Work instructions>
Nothing but the pictures should be left out when the entries below are duplicated.

Material shown>
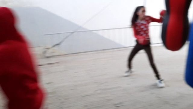 Работа на боксерском мешке . 04.02.21г. Лилит, Викторя, Лена
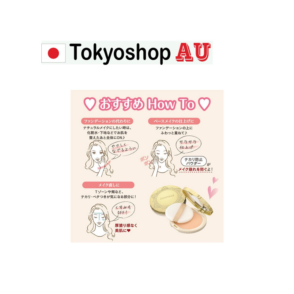 Canmake Marshmallow Finish Powder – phấn phủ dạng hộp nén có thể khiến bạn yêu ngay từ cái nhìn đầu tiên với packing xinh xắn, đáng yêu như một nàng công chúa cùng kết cấu phấn mịn mướt cho mọi lớp nền trở nên mềm mại và ngọt ngào hệt như những viên kẹo Marshmallow. Không chỉ là phấn phủ “trang điểm” thông thường, Canmake Marshmallow Finish Powder với thành phần có đến 72% khoáng chất cùng các chiết xuất từ lá lô hội, hoa cúc Chamomile, hạt dẻ ngựa,… giúp nuôi dưỡng làn da luôn đủ ẩm, đủ mềm mướt, phấn luôn được trượt êm trên da, nhẹ và tự nhiên. Chỉ số chống nắng SPF26 PA++ giúp da bạn được bảo vệ dưới nắng. Canmake đã rất tinh tế khi kết hợp 2 loại hạt phấn mịn có kích cỡ khác nhau để khuếch tán ánh sáng, tạo lớp phấn phủ sáng mờ có thể che giấu hoàn hảo cho các lỗ chân lông cùng vùng da không đều màu. Làn da bạn không chỉ mướt mềm mà còn sáng bừng lên ngay tức khắc. Thêm vào đó Canmake Marshmallow Finish Powder còn có khả năng hấp thụ lớp dầu thừa trên da, hạn chế tình trạng da bóng nhờn nhờ đó mà lớp trang điểm luôn giữ được vẻ tươi mới trong nhiều giờ. Cách dùng: – Thực hiện theo cách trang điểm thông thường: Săn sóc da → Đánh phấn lót → Đánh phấn nền (nên dùng phấn dạng nước hay kem) → Đánh phấn phủ Marshmallow. – Lấy một ít phấn lên bông phấn, vỗ nhẹ bông phấn lên mu bàn tay để rũ bớt phấn thừa trước khi thoa phấn. – Không cần chất tẩy rửa đặc biệt, tẩy trang theo cách rửa mặt bình thường. 素肌感のある軽い仕上がりになる自然派ミネラルパウダーを71%配合。 ソフトフォーカス効果のあるカバーパウダーが、気になる毛穴や、お肌の凹凸を目立ちにくくします。お肌にスッとなじみやすいマットベージュオークル。メイクオフの際は、クレンジング不要で、洗顔料のみでOK!界面活性剤フリー、タール系色素フリー、アルコールフリー、無香料
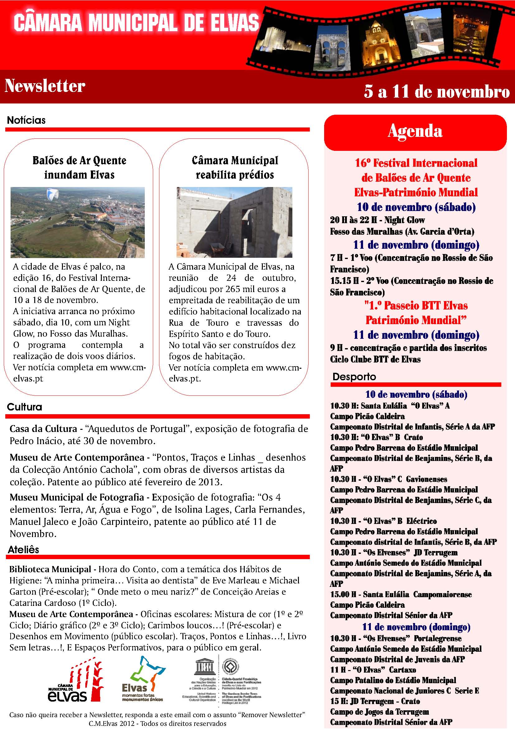 Agenda das Actividades Culturais de 5 a 11 de Novembro no Concelho de Elvas.
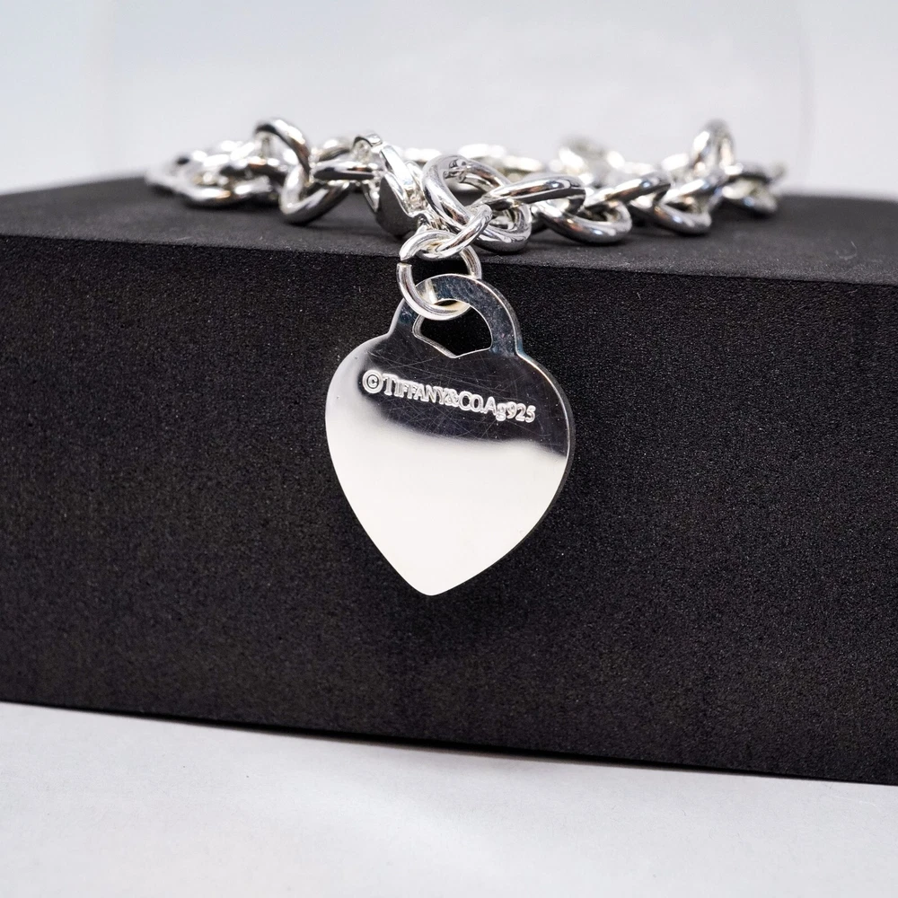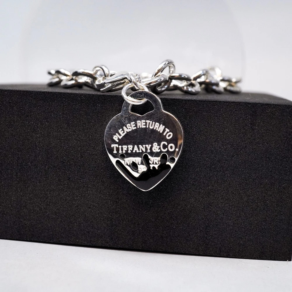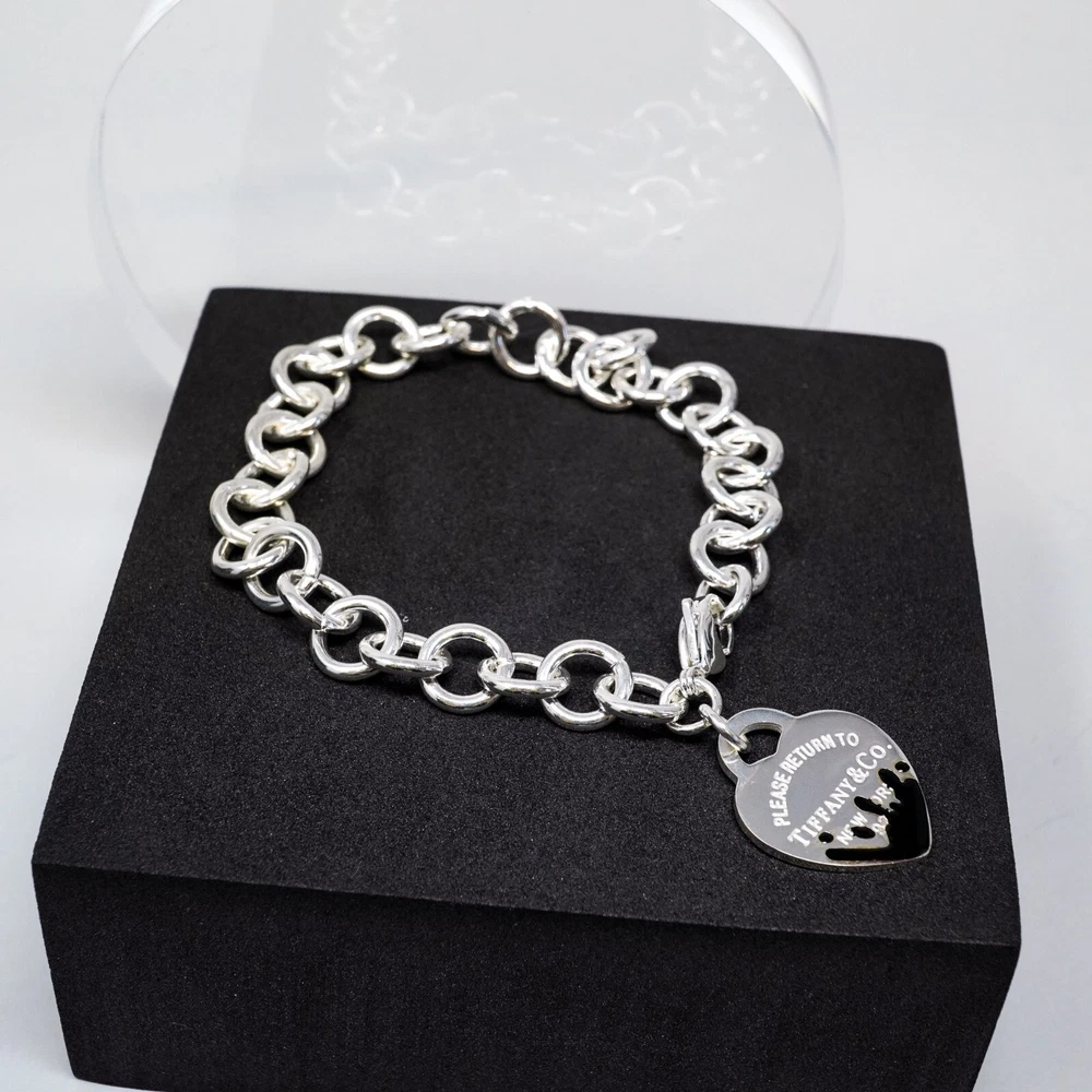 HomeTiffany & Co. 925 Silver, Black Splash Heart Tag Bracelet 20cm With Gift Box Set
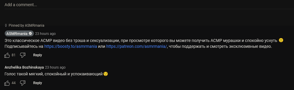 Тред для фанатов одного из старейших ASMR каналов Youtube на русском языке.
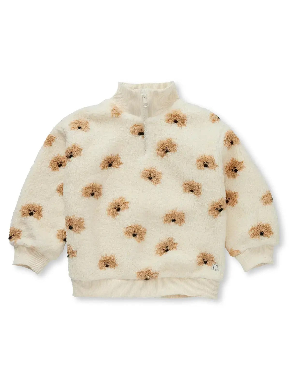 A playful twist on our classic teddy mock-zip sweatshirt — this ivory version features an all-over moustache dog print, created in collaboration with Gisele et Rose. Soft, cosy, and a truly unique eye-catcher. Available in both baby and kids’ sizes, ranging from 12 months to 12 years.
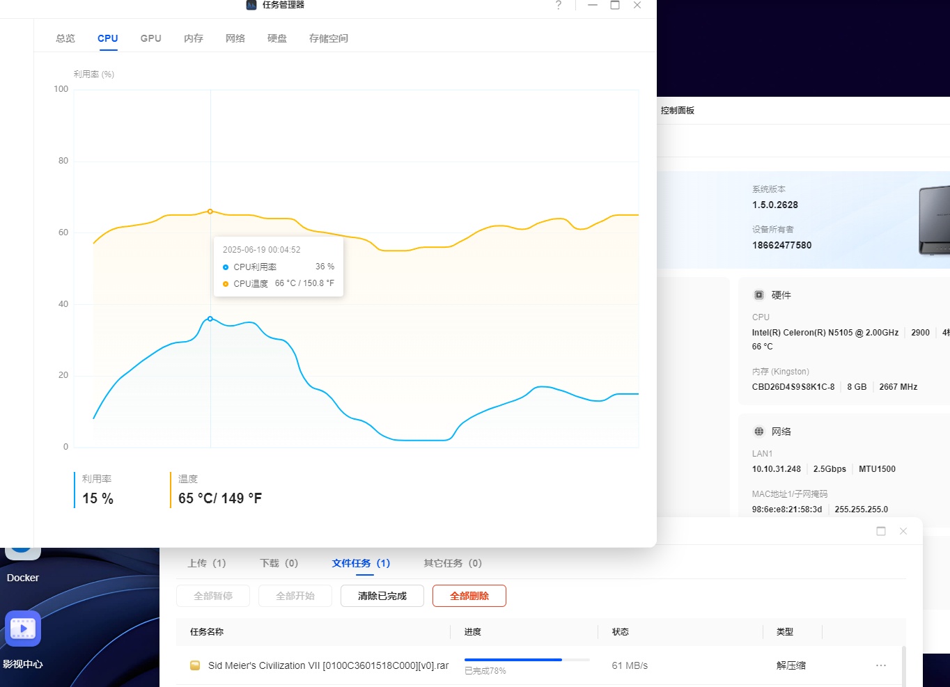 可以看到绿联DX4600的N5105自带的Intel UHD Graphics的利用率在0-40之间反复横跳。
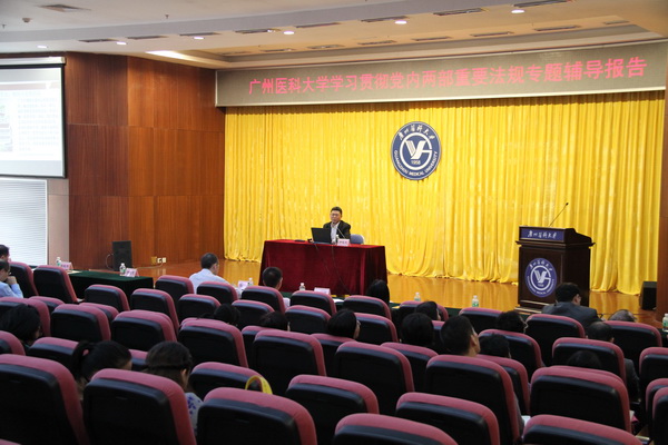 中央修订颁布的《中国共产党廉洁自律准则》和《中国共产党纪律处分条例》已于今年1月1日起施行。为切实抓好这两部党内法规的学习贯彻工作,根据市委关于开展“明准则、知条例、守纪律”主题教育活动的要求,结合学校实际, 3月31日下午,best365在番禺校区图书馆学术报告厅举行了学习贯彻党内两部重要法规专题辅导报告。广州市学习贯彻党内两部法规宣讲团成员、广州市委党校副校长尹德慈教授应邀作了题为《优化党内政治生态的两大制度利器》的专题辅导报告。学校纪委陈杰书记主持报告会。学校领导、校本部教职工党员、各直属单位党委书记、副书记和纪检监察干部近400人听取了报告。

Answer>
 Работа на боксерском мешке . 04.02.21г. Лилит, Викторя, Лена
 Canmake Marshmallow Finish Powder – phấn phủ dạng hộp nén có thể khiến bạn yêu ngay từ cái nhìn đầu tiên với packing xinh xắn, đáng yêu như một nàng công chúa cùng kết cấu phấn mịn mướt cho mọi lớp nền trở nên mềm mại và ngọt ngào hệt như những viên kẹo Marshmallow. Không chỉ là phấn phủ “trang điểm” thông thường, Canmake Marshmallow Finish Powder với thành phần có đến 72% khoáng chất cùng các chiết xuất từ lá lô hội, hoa cúc Chamomile, hạt dẻ ngựa,… giúp nuôi dưỡng làn da luôn đủ ẩm, đủ mềm mướt, phấn luôn được trượt êm trên da, nhẹ và tự nhiên. Chỉ số chống nắng SPF26 PA++ giúp da bạn được bảo vệ dưới nắng. Canmake đã rất tinh tế khi kết hợp 2 loại hạt phấn mịn có kích cỡ khác nhau để khuếch tán ánh sáng, tạo lớp phấn phủ sáng mờ có thể che giấu hoàn hảo cho các lỗ chân lông cùng vùng da không đều màu. Làn da bạn không chỉ mướt mềm mà còn sáng bừng lên ngay tức khắc. Thêm vào đó Canmake Marshmallow Finish Powder còn có khả năng hấp thụ lớp dầu thừa trên da, hạn chế tình trạng da bóng nhờn nhờ đó mà lớp trang điểm luôn giữ được vẻ tươi mới trong nhiều giờ. Cách dùng: – Thực hiện theo cách trang điểm thông thường: Săn sóc da → Đánh phấn lót → Đánh phấn nền (nên dùng phấn dạng nước hay kem) → Đánh phấn phủ Marshmallow. – Lấy một ít phấn lên bông phấn, vỗ nhẹ bông phấn lên mu bàn tay để rũ bớt phấn thừa trước khi thoa phấn. – Không cần chất tẩy rửa đặc biệt, tẩy trang theo cách rửa mặt bình thường. 素肌感のある軽い仕上がりになる自然派ミネラルパウダーを71%配合。 ソフトフォーカス効果のあるカバーパウダーが、気になる毛穴や、お肌の凹凸を目立ちにくくします。お肌にスッとなじみやすいマットベージュオークル。メイクオフの際は、クレンジング不要で、洗顔料のみでOK!界面活性剤フリー、タール系色素フリー、アルコールフリー、無香料
 Agenda das Actividades Culturais de 5 a 11 de Novembro no Concelho de Elvas.
 HomeTiffany & Co. 925 Silver, Black Splash Heart Tag Bracelet 20cm With Gift Box Set
 Тред для фанатов одного из старейших ASMR каналов Youtube на русском языке.
 A playful twist on our classic teddy mock-zip sweatshirt — this ivory version features an all-over moustache dog print, created in collaboration with Gisele et Rose. Soft, cosy, and a truly unique eye-catcher. Available in both baby and kids’ sizes, ranging from 12 months to 12 years.
 可以看到绿联DX4600的N5105自带的Intel UHD Graphics的利用率在0-40之间反复横跳。
 中央修订颁布的《中国共产党廉洁自律准则》和《中国共产党纪律处分条例》已于今年1月1日起施行。为切实抓好这两部党内法规的学习贯彻工作,根据市委关于开展“明准则、知条例、守纪律”主题教育活动的要求,结合学校实际, 3月31日下午,best365在番禺校区图书馆学术报告厅举行了学习贯彻党内两部重要法规专题辅导报告。广州市学习贯彻党内两部法规宣讲团成员、广州市委党校副校长尹德慈教授应邀作了题为《优化党内政治生态的两大制度利器》的专题辅导报告。学校纪委陈杰书记主持报告会。学校领导、校本部教职工党员、各直属单位党委书记、副书记和纪检监察干部近400人听取了报告。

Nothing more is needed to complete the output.